Hmm, that's correct. There's DCNH, two subtype, and dual type that I know of. I am usually referring to two subtypes. Here is an example:

LIE subtypes - Wikisocion



> Logical subtype (The Reformer)
> 
> Most dynamic of all psycho-types, a pioneer in their region of activity, searches for supporters with whom it is possible to realize his own or general ideas. Very emotional and impulsive; therefore can be inconsistent in their actions. Trusting; because of their carelessness they can unintentionally land themselves into complicated affairs; seems spontaneous. Works well in free market activity; if they lose, they do not lose spirit and optimism, but again go forward. Pays little attention to external appearances and health, is outwardly thin, very mobile, sometimes wears beard and whiskers(if male), prone to disorderly conduct.

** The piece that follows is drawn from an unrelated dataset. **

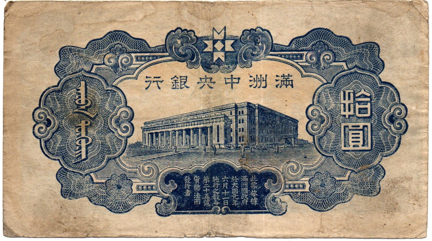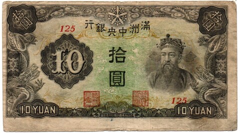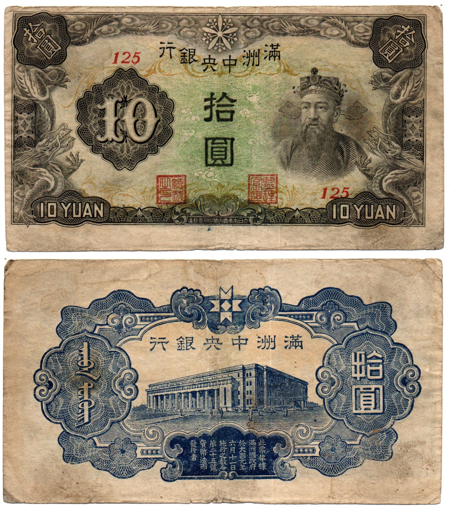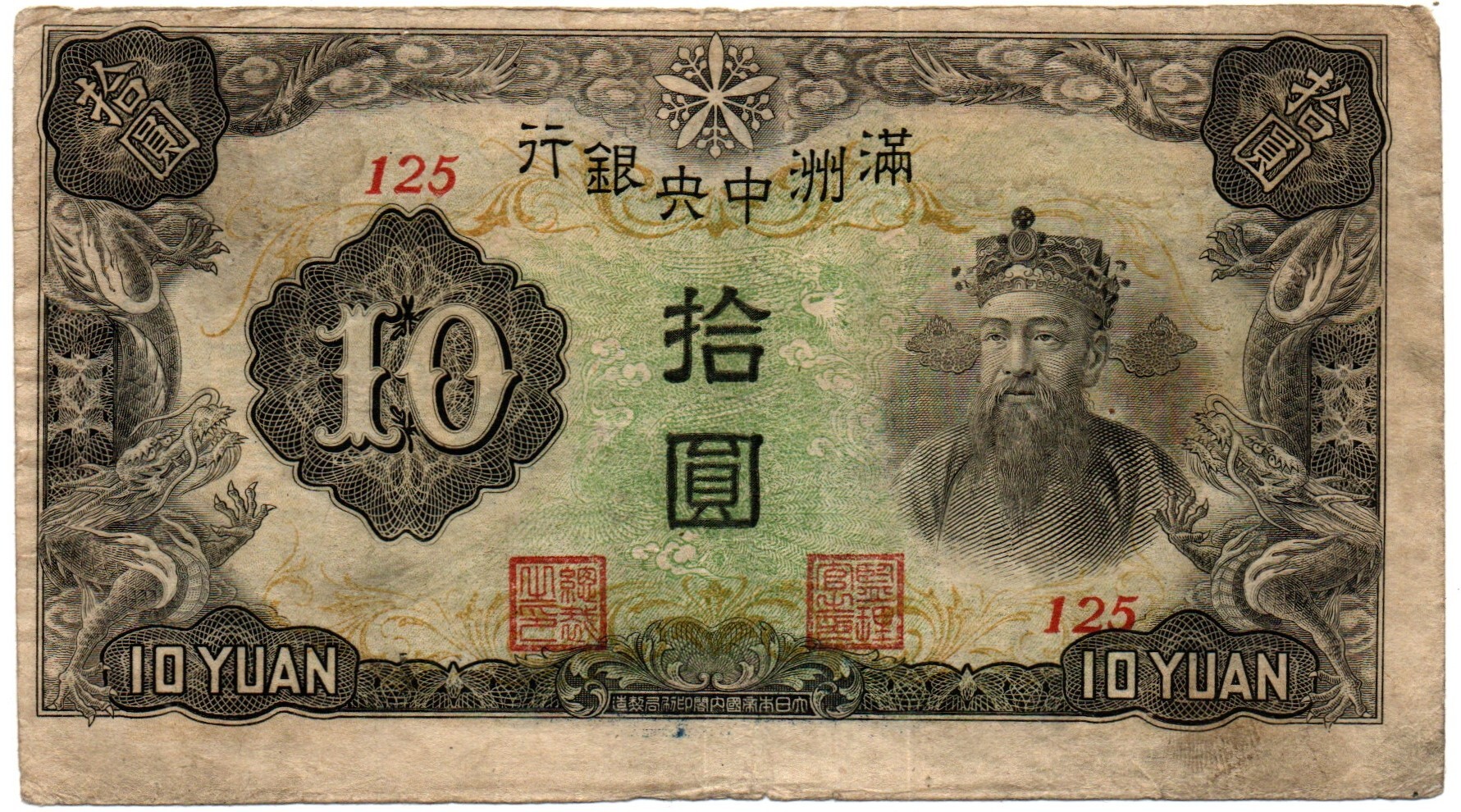 Банкнота 10 юаней - Манчжурия Манчжоу-го - 1944 год - Серия 125 - Японская оккупация

> Intuitive subtype (The Strategist) (other nicknames for this subtype are "Explorer" and "Owner")
> 
> Calm and balanced, conducts a regulated life, knows when to take advantage of opportunities. Quietly selects what idea it is better to follow, will always find the most optimal and advantageous output, which will give the greatest return. They are frequently a natural scientist, an experimenter, acting with their mind and hands simultaneously. Can interest themselves in chemistry, and in painting, in this case they try to bring everything to the end. Excellent hygrotechnician and experimenter. Gets along well with children, easily carries them along through their interesting actions. Outwardly more restrained and stocky than the other subtype; tries to dress well and pay attention to their health.


----------



## RamonV

Really nice text


----------